The global, mostly grassroots Slow Food movement has managed to secure a foothold in the public consciousness of numerous countries and cultures (it has members in over 150 countries). It hasn’t, however, made the same kind of headway in the US. That may soon change. Slow Food USA, has received a landmark $1.2 million grant from the W.K. Kellogg Foundation, which will help address “inequities in the food system by raising awareness internally and externally, building relationships with diverse communities and establishing partnerships with organizations in this area of work”. The grant will also fund the development of a public initiative to promote the values Slow Food is trying to encourage.
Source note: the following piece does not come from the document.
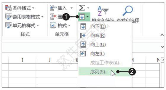 3、单击“序列”选项。单击“开始”选项卡下“编辑”组中的“填充”按钮,在展开的下拉列表中单击“序列”选项,如图所示。
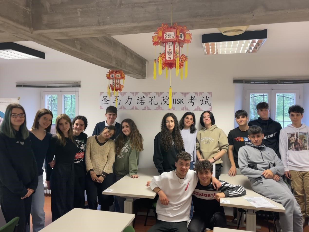 考试分为线上、线下两种途径,其中圣马力诺高中以及意大利里米尼市语言高中的学生在孔院参加了线下考试,意大利科森扎市卢克雷齐娅·德拉瓦莱(IIS Lucrezia della Valle)学校的24名学生参加了线上考试。院长及志愿者老师们为确保考试顺利进行开展了多次考前考务会,指导学生进行信息填报以及模拟测试。

“This is a historic moment for Slow Food USA and it could not have come at a better time as we build momentum for the next few years,” Katherine Deumling, Board Chair of Slow Food USA said in a press release. “There is great inequity in our food system, and we must all work to make it easier for everyone to access good, healthy food – through preserving our diverse foods and food traditions and through building bridges with communities negatively impacted by the industrial food system. We’re grateful for the W.K. Kellogg Foundation’s support and confidence in Slow Food as a key force for change.”
This is the single largest grant Slow Food USA has ever received.
Slow Food was founded in 1989 to counter the rise of fast food, the disappearance of local food traditions and people’s dwindling interest in the food they eat, where it comes from, and how our food choices affect the rest of the world. Slow Food USA‘s network has chapters in nearly every state.